Introduction
In this post we will explore two datasets on United States national parks. The first dataset will focus on the location and physical size of the parks. The second dataset will focus on the species living in the parks. Our source for these datasets can be found at Kaggle by following this link.
We will use many packages in this post. We have two primary types of packages: general use helper packages and spatial packages for geographical maps. We list our packages below:
library(dplyr)
library(magrittr)
library(here)
library(ggplot2)
library(tidyverse)
library(rworldmap)
library(rgeos)
library(sf)
library(ggspatial)
library(rnaturalearth)
library(rnaturalearthdata)
library(RColorBrewer)
Now that are packages are loaded we upload our datasets into the dataframes parks
and species
.
parks <- read.csv(here('csv', 'kaggle_national_parks', 'parks.csv'))
species <- read.csv(here('csv', 'kaggle_national_parks', 'species.csv'))
With our datasets loaded we will split our work into two sections. The first section will deal with the park
dataset and uncovering some geographical data.

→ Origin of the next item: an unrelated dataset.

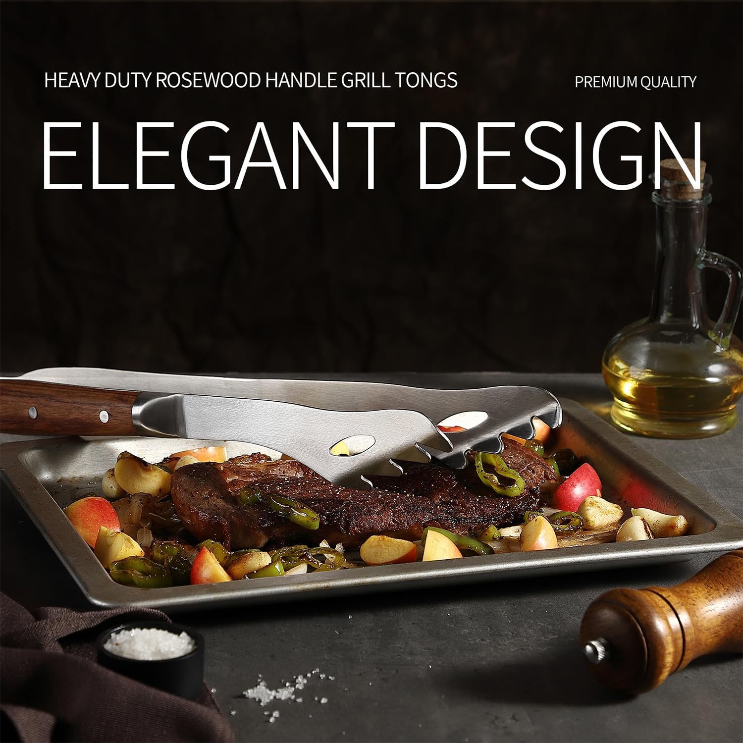 GRILLGEN Heavy Duty Rosewood Handle BBQ Grill Tongs, 16.73" Long Premium BBQ Grill Tongs for Outdoor Grilling, Essential Accessory for Barbecue & Grill, Best Grilling Gift

The second section will take a closer look at the species that are present in the parks using the species
dataset.
Section 1: Exploring General Park Data
Here we will look at the structure of the parks
dataset and then manipulate the dataset to illustrate some interesting facts. In the structure of the data we see (below) that we have 56 national parks and they are being described by 6 variables.
str(parks)
## 'data.frame': 56 obs. of 6 variables:
## $ Park.Code: chr "ACAD" "ARCH" "BADL" "BIBE" ...
## $ Park.Name: chr "Acadia National Park" "Arches National Park" "Badlands National Park" "Big Bend National Park" ...
## $ State : chr "ME" "UT" "SD" "TX" ...
## $ Acres : int 47390 76519 242756 801163 172924 32950 35835 337598 241904 46766 ...
## $ Latitude : num 44.4 38.7 43.8 29.2 25.6 ...
## $ Longitude: num -68.2 -109.6 -102.5 -103.2 -80.1 ...
The first thing we would like to do with our dataset is determine which states have the most national parks. This question is not entirely trivial due to the fact that some national parks are in more than one state. Below we count the number of national parks in a state by allowing parks to be counted in each state they intersect with.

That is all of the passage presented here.